Totally agree with you but there are other alternatives, when on the now rare occasion we return to the UK we use LD lines they have several routes at varying prices check them out at http://www.ldlines.co.uk/ There are often bargains to be had although the brochure prices are competitive. One other thing to consider is where from and to is usually worth thinking about as especially if going West or South you can add (or subtract) approx 5 hours of driving time by choosing wisely.


----------



## teemyob (Nov 22, 2005)

*Ferry*

Hello,

I assume you are talking Brittany Ferries?

Went with them in December as a last minute Treat/Diversion from Tunnel Chaos (had already paid and booked the Tunnel return with Tesco Vouchers).

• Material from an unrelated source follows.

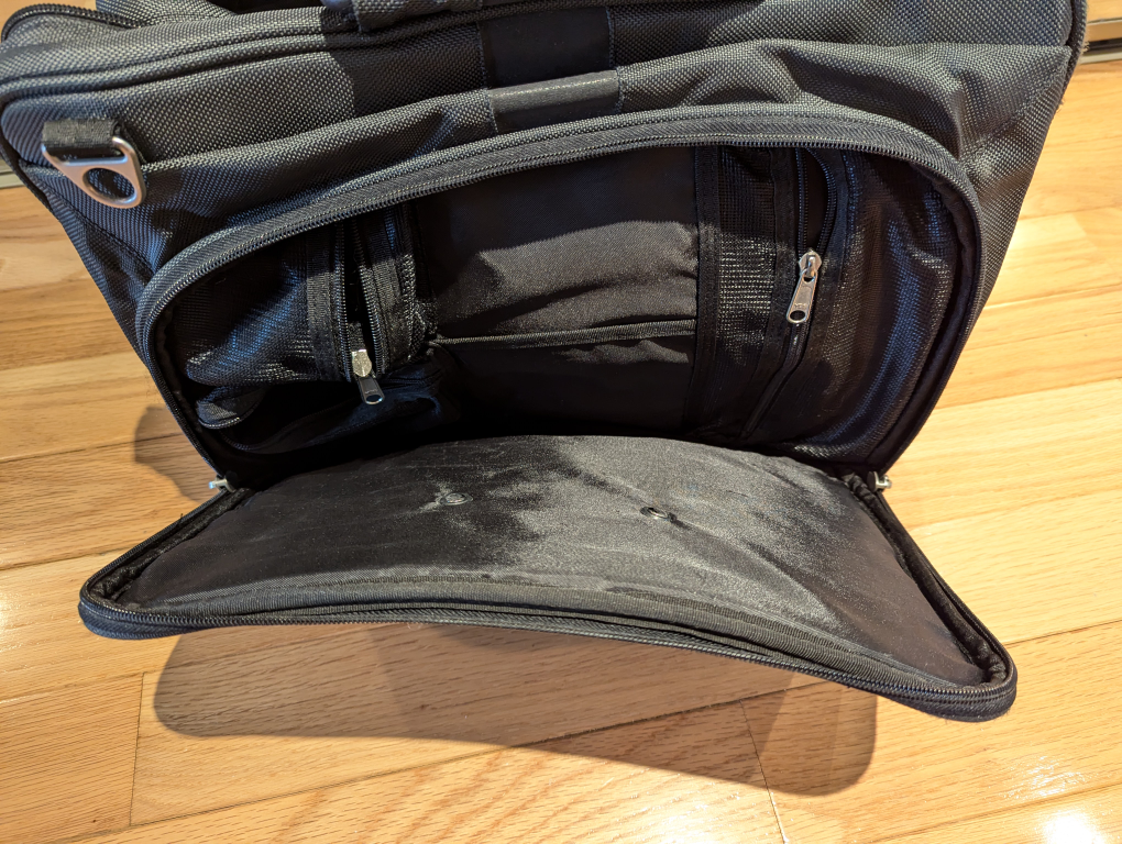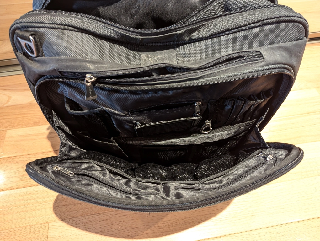 17 inch laptop bag. Has a separate laptop sleeve that can be used to just carry a laptop, plus light accessories. Many pockets for storage. Luggage strap on the back. Curved back side for comfort while shoulder carrying. bottle holder on both sides.

It cost a fortune and doubt we will use again.

However, I note you are in the NW!?

I use P&O Hull-Zeebrugge and now book with C&CC. I can get a 8.5M Motorhome, 2 Adults down to around £160-170 one way. Add to that we can take a trailer free if you travel Saturdays.

So if you take the say £160 one way and Deduct the £60-70 in Diesel extra to get to Folkestone (£9-£9.40 more if you use the M6 Toll). Deduct some more for Wear and tear, stress and toll on your mind for the Motorway Chaos down to the south!

And that for me makes it worth paying the Extra £'s for a nice voyage and to wake up relaxed and fresh for our continental trip(s).

If on the other hand I cannot get the price right for POSL, I go back to using Tesco Deals and don't pay anything for the crossing.

TM


----------



## EuropeanCampers (Mar 28, 2008)

Yes I tried LD line but couldnt get back on the day we wanted. Back a day later using Portsmouth Le Havre return was still just under £600.

I take the point about driving/time saving etc but paying an additional £500 or more is a phenomenal amount. 

Eurotunnel dont seem to add the "school holiday tax" quite so aggressively. And its school holidays only for us really as we have 2 kids of school age.


----------



## teemyob (Nov 22, 2005)

*Prices*

Just done some prices online

7m Motorhome with Trailer from Hull-Zeebrugge £165 one way 2 adults inside cabin.

If you do that online with C&CC I would think it will come down to £155ish.

If you call C&CC travel, I bet they can get it down by doing a package deal.

If POSL can do it on the long North Sea eastern routes, why can't BF do it on the sort channel routes?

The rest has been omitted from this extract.